Residents can choose a robot at checkout, track it in the app and unlock its compartment once it arrives. The hardware runs on Yango’s AI navigation and routing stack, which plans paths, avoids obstacles and yields to pedestrians. The units had already covered more than 1,500 kilometers during previous Dubai pilots, a test bed that demonstrated their ability to operate in mixed pedestrian environments and dense residential streets.

The rollout adds a contactless option to noon’s last-mile network and is positioned as extra capacity during peak periods. “Partnering with Yango Group lets us bring a future-ready delivery option straight to our customers,” said Ali Kafil-Hussain, noon’s Chief Business Officer. Noon has used Minutes to set rapid-delivery expectations in UAE cities; autonomous units now slot into that same high-frequency model.

Regulatory clearance from Dubai’s Roads and Transport Authority underpins the move. The RTA authorized Yango’s robots to operate on public walkways and in neighborhoods, smoothing the shift from controlled trials to commercial work. Dubai has framed autonomous mobility as part of its smart-city buildout, and the partners lean on that agenda to accelerate integration.

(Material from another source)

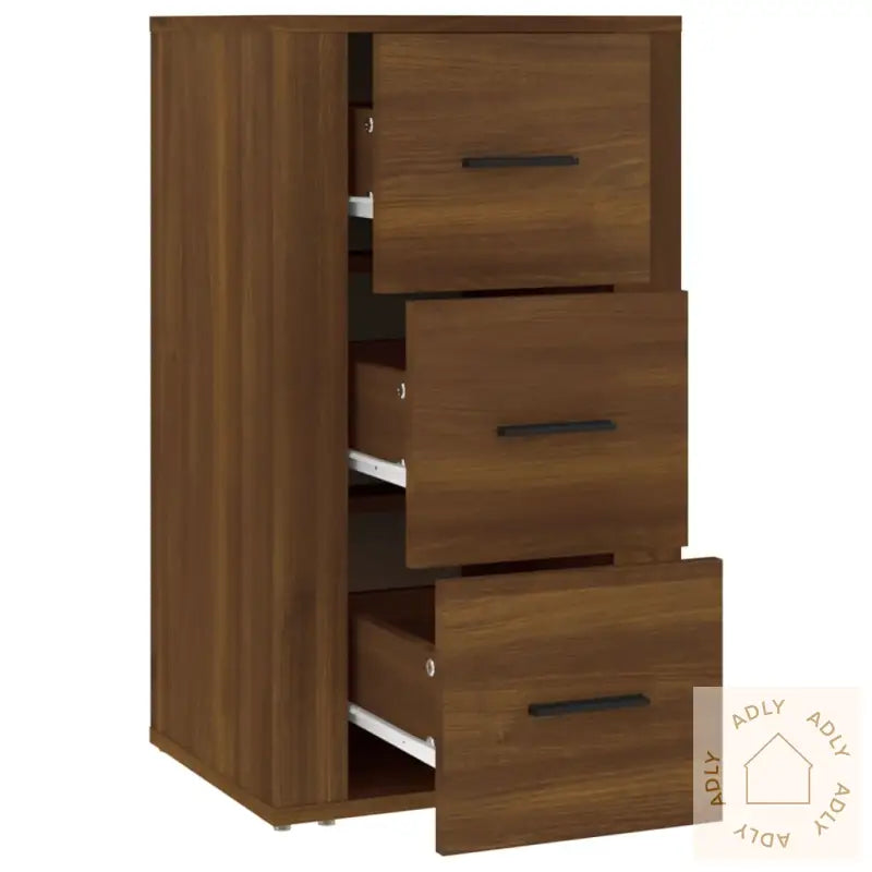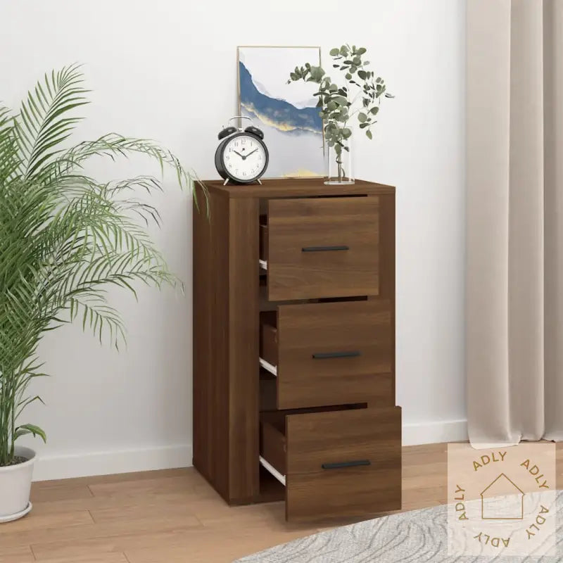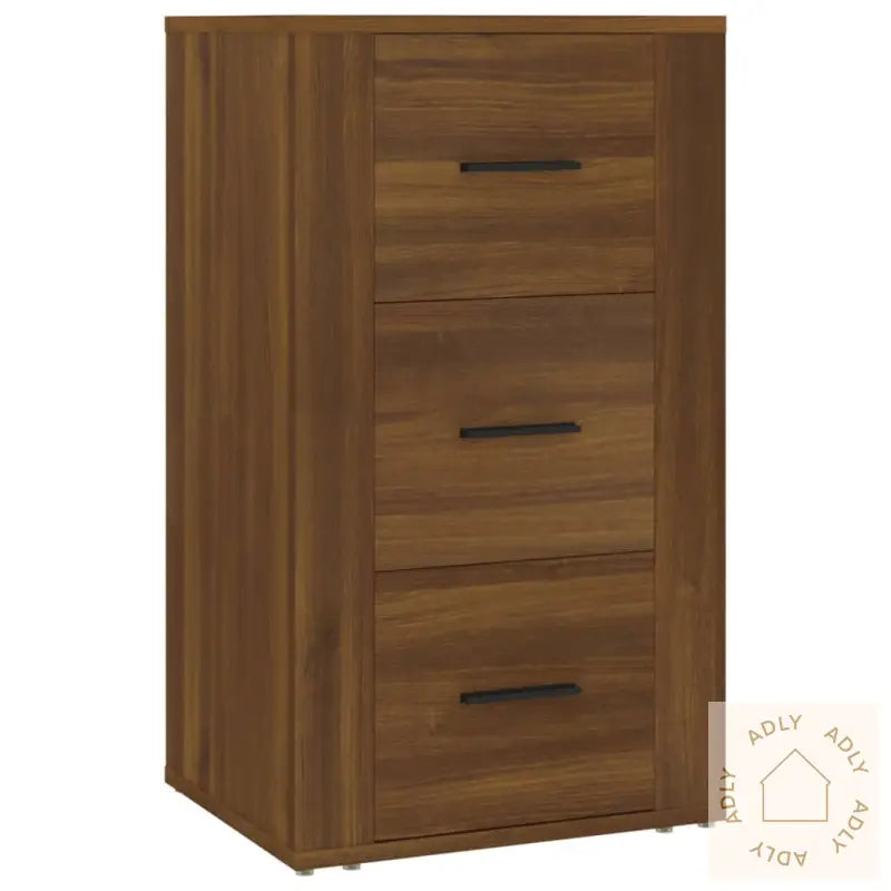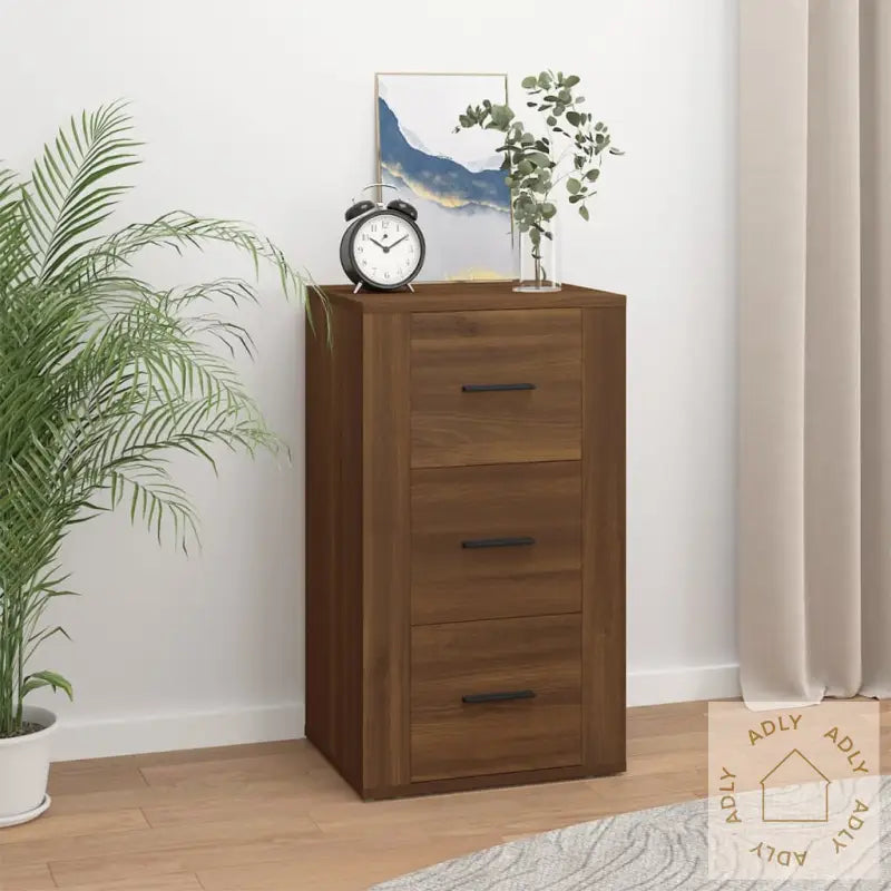 Slitesterkt materiale: Skapet er laget av solid konstruert treverk av høy kvalitet. Dette gir ikke bare et glatt og moderne utseende, men gjør også møbelet motstandsdyktig mot fuktighet, noe som er en fordel for møbler som skal vare lenge.Tilstrekkelig lagringsplass: Med tre romslige skuffer sørger skjenken for god organisering og enkel tilgang til alt du trenger i hverdagen, enten det er dokumenter, tilbehør, klær eller andre småting. Det hjelper deg å holde rommet ryddig og oversiktlig.Robust topp: Øvre del av skjenken kan brukes til å sette frem dekorasjoner, bilder eller blomster, slik at du enkelt kan sette ditt eget preg på rommet og gjøre hjemmet mer innbydende. Den solide toppen tåler vekten av pyntegjenstander og gir et ekstra utstillingsområde i stilen brun eik.Advarsel:

Also Read: Uber And WeRide Roll Out Driverless Robotaxis In Abu Dhabi

For Yango, the partnership is an anchor for its autonomy platform in the Gulf. Islam Abdul Karim, Yango’s Middle East regional head, said the aim is to make autonomous delivery an “everyday, reliable service” for UAE communities. The company views operational data from early districts as the basis for scaling into more communities and, eventually, cross-border rollouts.

The move lands as Gulf retailers search for faster fulfilment and lower-emission logistics. Autonomous couriers remain a small share of last-mile delivery, but Dubai’s approvals and early usage data give the partners a clearer path to turn pilots into durable infrastructure.